◆ **DATASET EXTRACT**
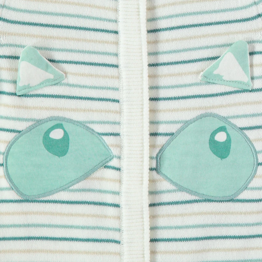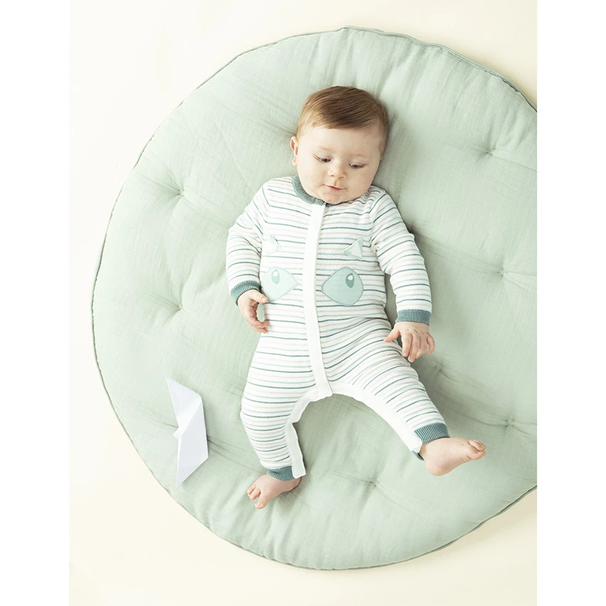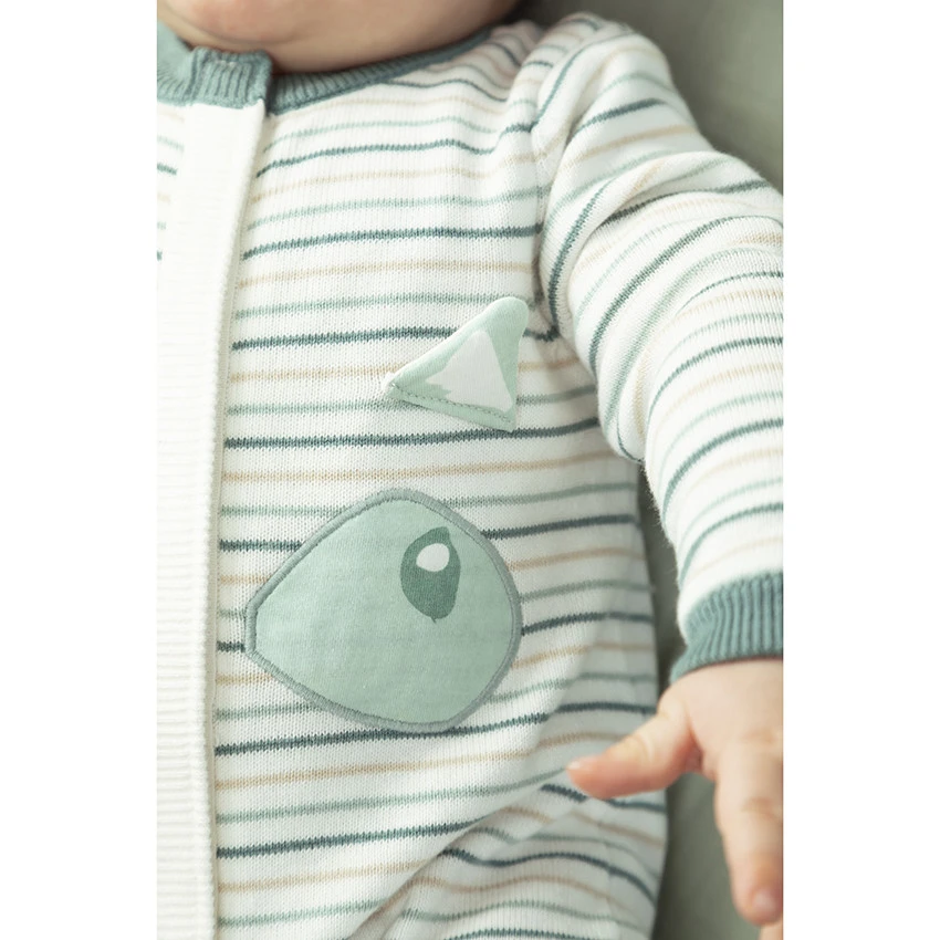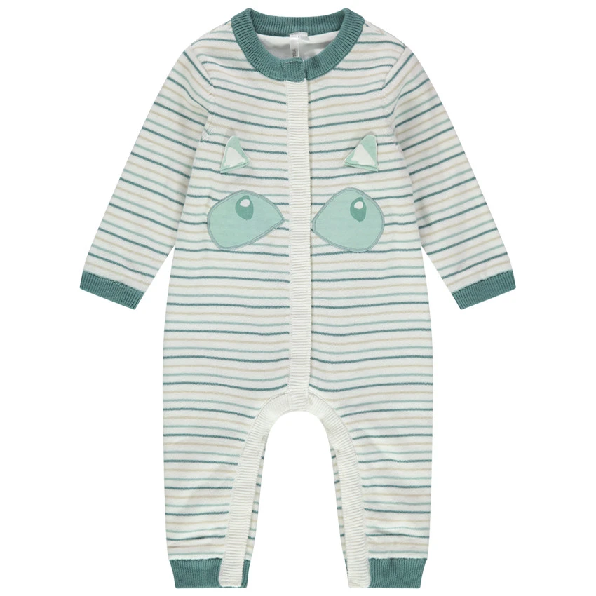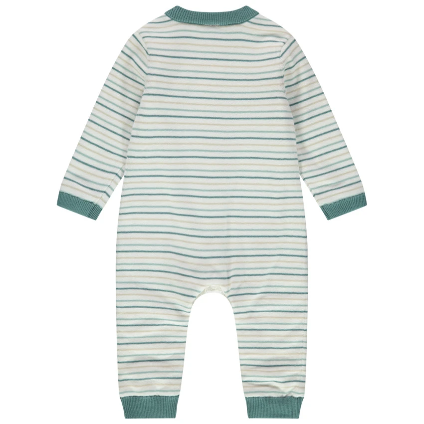 Combinaison en tricot à rayures all-over. Encolure ronde en bord-côte. Doublure en jersey. Détails patchés sur le devant. Pieds et poignets en bord-côte.
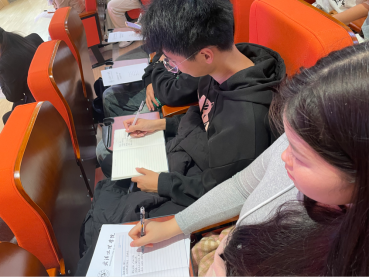 在听课过程中,同学们全神贯注,认真记录。笔尖在纸端飞快舞动,不仅记下了教学要点,更记下了对教育艺术的感悟与思考。刘老师的跨学科整合智慧、肖老师的情境创设巧思,以及那些充满温度的教育细节,都被一一细致记录。这一笔一划间,流露的是同学们对教育事业的热爱与执着追求。
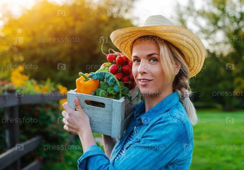 Молодая красивая женщина 30-35 лет в шляпе с коробкой свежих экологических овощей на фоне сада на закате
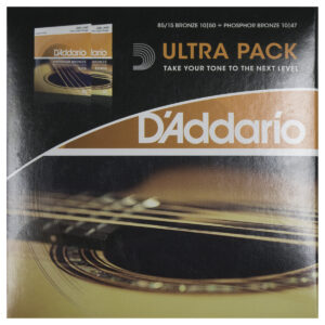 Paquete de encordaduras EZ900 y EJ15 para guitarra acústica, la encordadura EZ900 es de tensión media blanda de bronce 85/15, 10-50, calibre híbrido original de D’Addario, para rasgueo intenso, combina el brillo del bronce 80/20 con las características de mayor durabilidad del bronce fosforado, entorchado con precisión sobre un núcleo de acero de alto carbono con forma hexagonal y estirado, excelente entonación, tono acústico brillante, proyección y facilidad de uso, ideal para todos los estilos musicales, paquete ecológico y resistente a la corrosión, la encordadura EJ15 es de calibre extra blando bronce fosforado para guitarra acústica, 10-47, calidez, nitidez y tono acústico bien equilibrado, entorchado de precisión con bronce fosforado resistente a la corrosión sobre una cuerda de acero de alto carbono, con forma hexagonal y estirada cuidadosamente, tono brillante y duradero con excelente entonación, paquete ecológico y resistente a la corrosión.
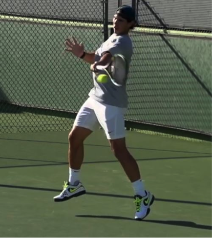 The following pictures will help clear up this myth. Let’s use the best of the best for our pictures. Professional players for the most part should be studied rather than interviewed for their understanding of the game, especially stroke mechanics. Just because a player excels at striking the ball does not mean they know how that strike took place. When learning how to hit a tennis ball, you are much better off listening to the Vic Bradens, Steve Smiths (Great Base Initiative) and Dr. Howard Brodys (Ph. D., Professor Emeritus of Physics, University of Pennsylvania, and Member of USTA Sport Science and Technical Committee) of the world rather than the players we envy who make shots we can only dream about. Granted, Rafael Nadal could beat Vic, Steve, and Howard 6-0 6-0 with a frying pan, but when taking a lesson you want the “teacher,” and the incredible wealth of information they bring to the game is second to none.
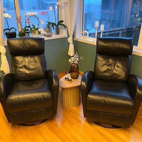 To lenestoler i skinn selges rimelig. Veldig gode å sitte i. Befinner seg på Hoffland på Ellingsøy.
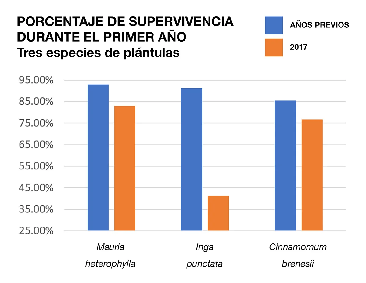 El Instituto Monteverde y la Fundación de Conservación de Costa Rica han estado trabajando en la reforestación del área por más de 20 años. Cada año, proporcionan a las familias y agricultores al menos 10,000 árboles de plántulas de variedades críticas. En estos años, han proporcionado 250,000 árboles de 140 especies a 43 familias, así como a varias reservas naturales. Naturalmente, les preocupaba la tasa de supervivencia de los árboles jóvenes plantados en junio de 2017 y se apresuraron a evaluar la situación. Debra Hamilton dirigió la investigación de 3 especies de diferentes familias (Fabaceae, Lauracacae y Anacardiaceae). Las fuertes lluvias de la Tormenta Tropical Nate afectaron negativamente la supervivencia de las plántulas plantadas ese año. Se alegraron al descubrir que, aunque el Inga no sobrevivió bien las demás tuvieron tasas de supervivencia superiores al 70%.
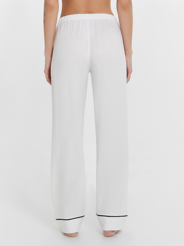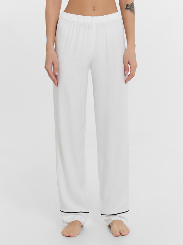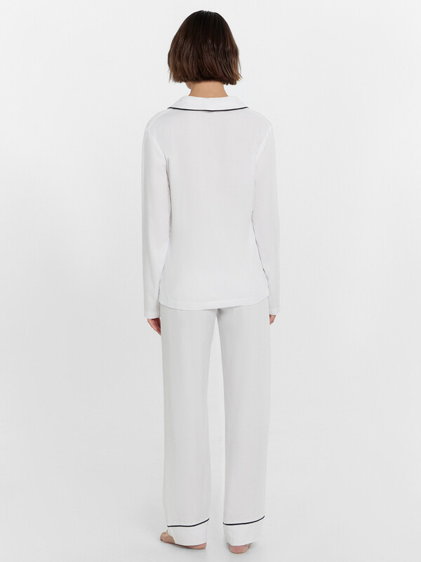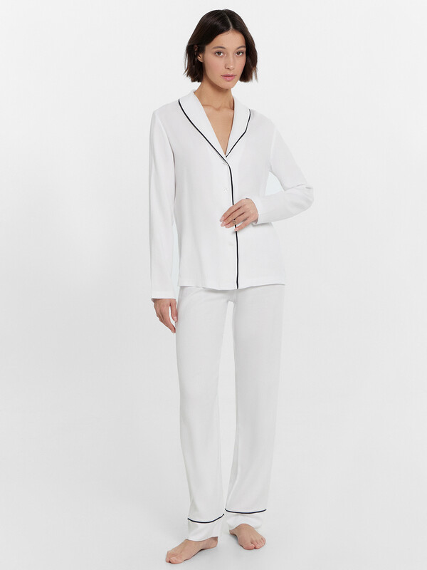 Пижамный комплект женский из жакета и брюк, выполненных из вискозного трикотажа. Жакет длиной до середины ягодиц, прямого силуэта, с V-образной горловиной, длинными рукавами на манжетах и немного спущенной линией плеча. По центру жакет застегивается на пуговицы. Брюки длинные, свободные, на манжетах и с эластичной резиной в поясе. Комфортный и очень приятный в носке — ваш лучший вариант на любой сезон года. Идеален в качестве домашней одежды. Так выглядит комфорт!
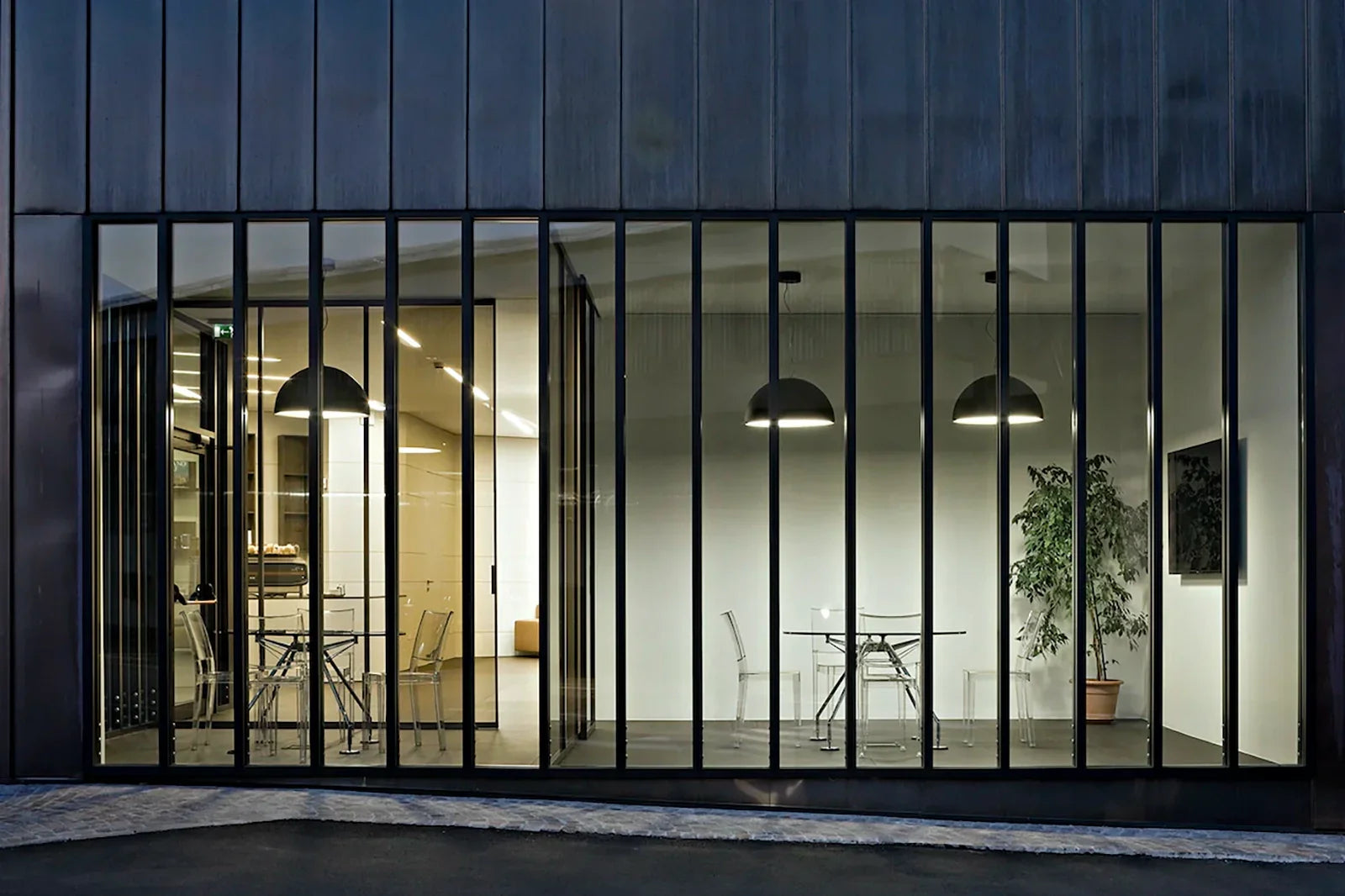 Suspension luminaire providing diffused lighting. Hemispherical, mechanically-processed cast plaster diffuser, painted white inside. Outer finish: rust, glossy black, glossy white or matte gold. Plaster diffuser support in die-cast aluminum alloy, liquid-painted white. Molded upper bushing in die-cast, polished aluminum alloy, protected with transparent paint on the entire visible part. Upper cable gland and blocking ring nut in black injection-molded PC (polycarbonate). Shaped, galvanized adjustment screws. Transparent, injection-molded, upper and lower silicone shock absorbers. Lamp holder and fixing support in black injection-molded PPS (polyphenylene sulfide). Flashed and blown opal glass diffuser. Molded fixing ring nut in die-cast aluminum alloy with alodine plating. Skygarden 1 frieze in photo-etched and mechanically drawn AISI 304 steel. Molded and galvanized steel ceiling attachment Gray, injection-molded PA6 (Nylon) rose.
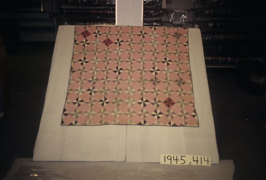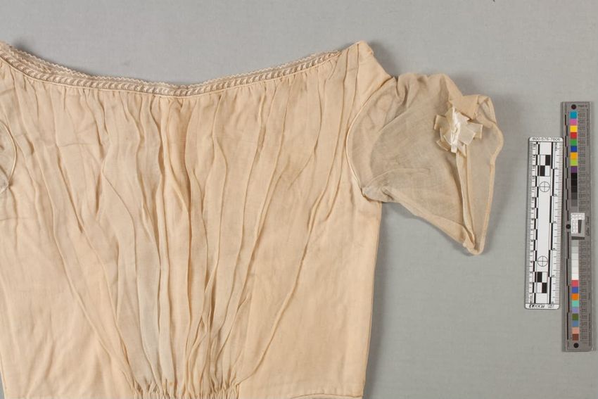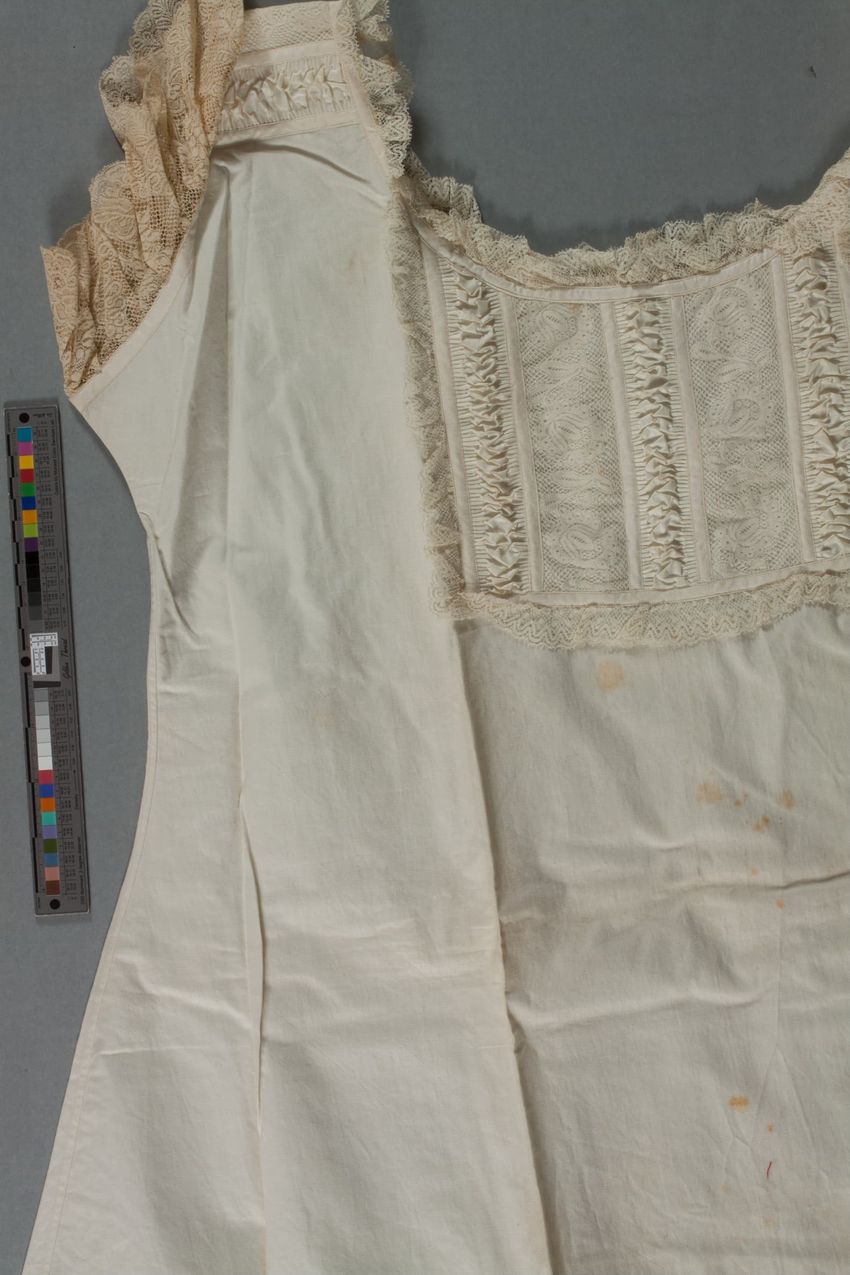 FAN (A): Small ivory sticks and guards, carved in floral spray and gilded; leaf of white lace; gilded washer and ring. BOX (B): Cardboard, hinged, covered in white moire.

◆ **PROBLEM TO WORK ON**
Word for word, copy out each record; do not include pictures.

◆ **SOLUTION BELOW**
 Combinaison en tricot à rayures all-over. Encolure ronde en bord-côte. Doublure en jersey. Détails patchés sur le devant. Pieds et poignets en bord-côte.
 在听课过程中,同学们全神贯注,认真记录。笔尖在纸端飞快舞动,不仅记下了教学要点,更记下了对教育艺术的感悟与思考。刘老师的跨学科整合智慧、肖老师的情境创设巧思,以及那些充满温度的教育细节,都被一一细致记录。这一笔一划间,流露的是同学们对教育事业的热爱与执着追求。
 Молодая красивая женщина 30-35 лет в шляпе с коробкой свежих экологических овощей на фоне сада на закате
 Paquete de encordaduras EZ900 y EJ15 para guitarra acústica, la encordadura EZ900 es de tensión media blanda de bronce 85/15, 10-50, calibre híbrido original de D’Addario, para rasgueo intenso, combina el brillo del bronce 80/20 con las características de mayor durabilidad del bronce fosforado, entorchado con precisión sobre un núcleo de acero de alto carbono con forma hexagonal y estirado, excelente entonación, tono acústico brillante, proyección y facilidad de uso, ideal para todos los estilos musicales, paquete ecológico y resistente a la corrosión, la encordadura EJ15 es de calibre extra blando bronce fosforado para guitarra acústica, 10-47, calidez, nitidez y tono acústico bien equilibrado, entorchado de precisión con bronce fosforado resistente a la corrosión sobre una cuerda de acero de alto carbono, con forma hexagonal y estirada cuidadosamente, tono brillante y duradero con excelente entonación, paquete ecológico y resistente a la corrosión.
 The following pictures will help clear up this myth. Let’s use the best of the best for our pictures. Professional players for the most part should be studied rather than interviewed for their understanding of the game, especially stroke mechanics. Just because a player excels at striking the ball does not mean they know how that strike took place. When learning how to hit a tennis ball, you are much better off listening to the Vic Bradens, Steve Smiths (Great Base Initiative) and Dr. Howard Brodys (Ph. D., Professor Emeritus of Physics, University of Pennsylvania, and Member of USTA Sport Science and Technical Committee) of the world rather than the players we envy who make shots we can only dream about. Granted, Rafael Nadal could beat Vic, Steve, and Howard 6-0 6-0 with a frying pan, but when taking a lesson you want the “teacher,” and the incredible wealth of information they bring to the game is second to none.
 To lenestoler i skinn selges rimelig. Veldig gode å sitte i. Befinner seg på Hoffland på Ellingsøy.
 El Instituto Monteverde y la Fundación de Conservación de Costa Rica han estado trabajando en la reforestación del área por más de 20 años. Cada año, proporcionan a las familias y agricultores al menos 10,000 árboles de plántulas de variedades críticas. En estos años, han proporcionado 250,000 árboles de 140 especies a 43 familias, así como a varias reservas naturales. Naturalmente, les preocupaba la tasa de supervivencia de los árboles jóvenes plantados en junio de 2017 y se apresuraron a evaluar la situación. Debra Hamilton dirigió la investigación de 3 especies de diferentes familias (Fabaceae, Lauracacae y Anacardiaceae). Las fuertes lluvias de la Tormenta Tropical Nate afectaron negativamente la supervivencia de las plántulas plantadas ese año. Se alegraron al descubrir que, aunque el Inga no sobrevivió bien las demás tuvieron tasas de supervivencia superiores al 70%.
 Пижамный комплект женский из жакета и брюк, выполненных из вискозного трикотажа. Жакет длиной до середины ягодиц, прямого силуэта, с V-образной горловиной, длинными рукавами на манжетах и немного спущенной линией плеча. По центру жакет застегивается на пуговицы. Брюки длинные, свободные, на манжетах и с эластичной резиной в поясе. Комфортный и очень приятный в носке — ваш лучший вариант на любой сезон года. Идеален в качестве домашней одежды. Так выглядит комфорт!
 Suspension luminaire providing diffused lighting. Hemispherical, mechanically-processed cast plaster diffuser, painted white inside. Outer finish: rust, glossy black, glossy white or matte gold. Plaster diffuser support in die-cast aluminum alloy, liquid-painted white. Molded upper bushing in die-cast, polished aluminum alloy, protected with transparent paint on the entire visible part. Upper cable gland and blocking ring nut in black injection-molded PC (polycarbonate). Shaped, galvanized adjustment screws. Transparent, injection-molded, upper and lower silicone shock absorbers. Lamp holder and fixing support in black injection-molded PPS (polyphenylene sulfide). Flashed and blown opal glass diffuser. Molded fixing ring nut in die-cast aluminum alloy with alodine plating. Skygarden 1 frieze in photo-etched and mechanically drawn AISI 304 steel. Molded and galvanized steel ceiling attachment Gray, injection-molded PA6 (Nylon) rose.
 FAN (A): Small ivory sticks and guards, carved in floral spray and gilded; leaf of white lace; gilded washer and ring. BOX (B): Cardboard, hinged, covered in white moire.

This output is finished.